Assigned task: Please reproduce the data exactly, excluding any pictures it contains.

Supplied information:

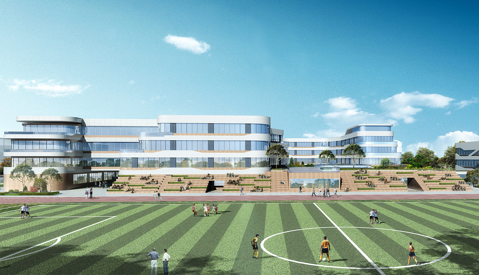 充滿綠化的連續(xù)平臺接通各教學樓,在東西南北方向形成內院,由西向東側延伸,與操場融為一體,提供了良好的視覺穿透性。建筑風格現(xiàn)代富有動感,線條流暢,形成強烈的可識別性。
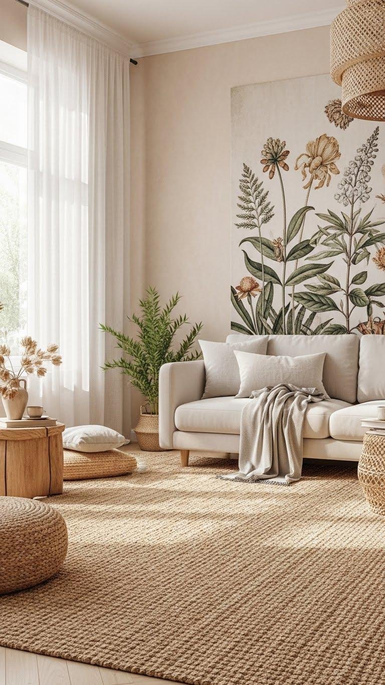 Pairing an oversized botanical print with a natural-fiber jute rug will anchor the room and reinforce that calm, organic vibe. You’ll choose jute for its texture and durability, blending natural fibers with neutral tones to create a grounded, airy palette. Layer sleek furniture and breezy textiles, keep accessories minimal, and let the rug define seating without constraining your free, easy flow.
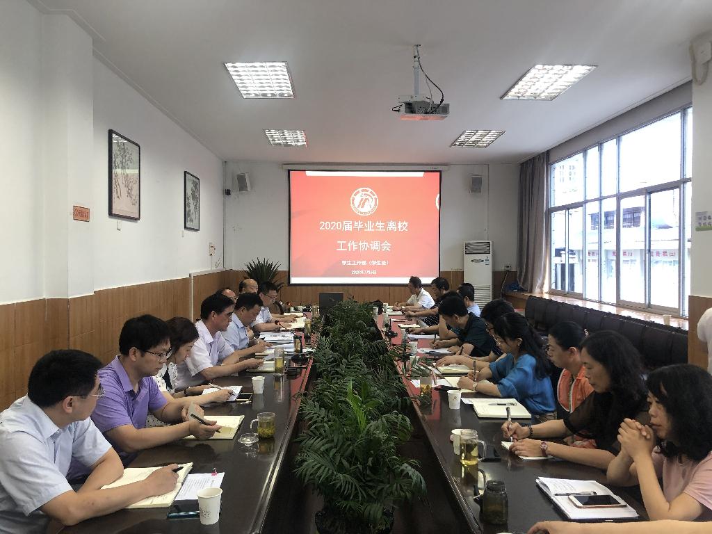 7月6日上午,2020届毕业生离校工作协调会在江南校区第一会议室召开。学校党委副书记杨行玉、副校长钟生海,相关职能部门负责人以及各二级学院党总支书记参加会议。会议由钟生海主持。
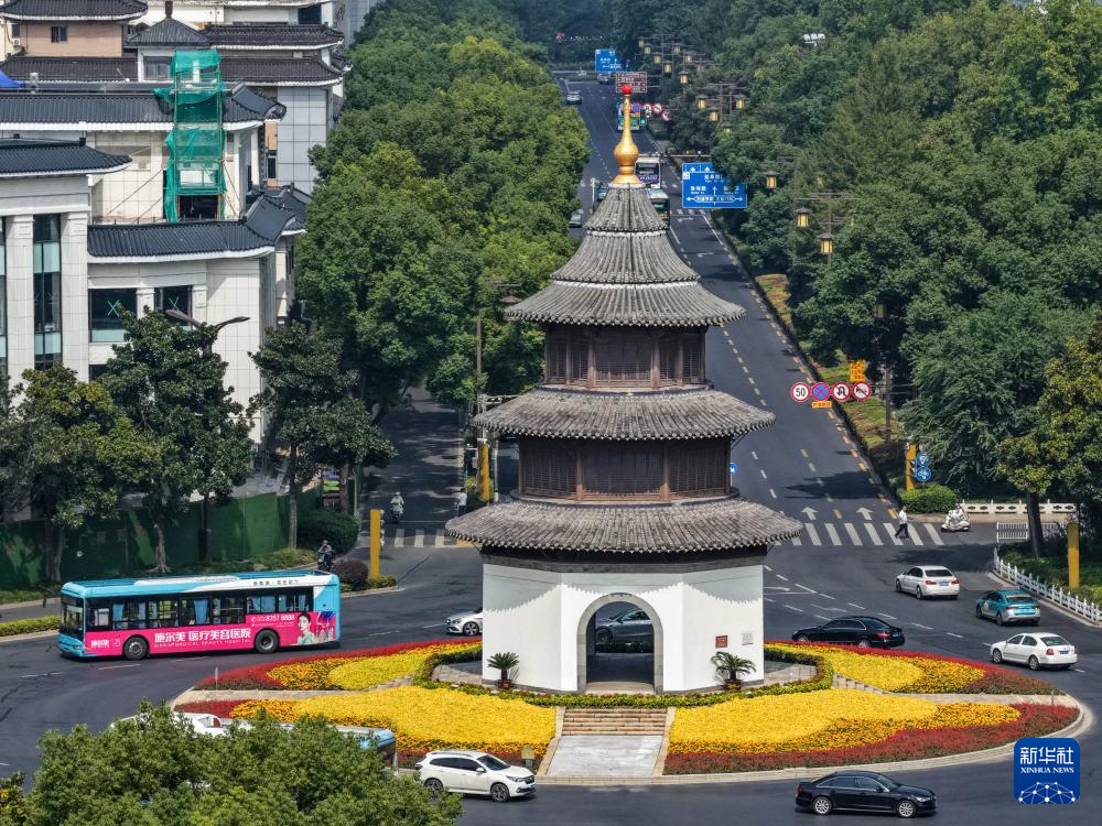 10月11日拍摄的江苏省扬州市文昌阁(无人机照片)。

Solution:
 充滿綠化的連續(xù)平臺接通各教學樓,在東西南北方向形成內院,由西向東側延伸,與操場融為一體,提供了良好的視覺穿透性。建筑風格現(xiàn)代富有動感,線條流暢,形成強烈的可識別性。
 Pairing an oversized botanical print with a natural-fiber jute rug will anchor the room and reinforce that calm, organic vibe. You’ll choose jute for its texture and durability, blending natural fibers with neutral tones to create a grounded, airy palette. Layer sleek furniture and breezy textiles, keep accessories minimal, and let the rug define seating without constraining your free, easy flow.
 7月6日上午,2020届毕业生离校工作协调会在江南校区第一会议室召开。学校党委副书记杨行玉、副校长钟生海,相关职能部门负责人以及各二级学院党总支书记参加会议。会议由钟生海主持。
 10月11日拍摄的江苏省扬州市文昌阁(无人机照片)。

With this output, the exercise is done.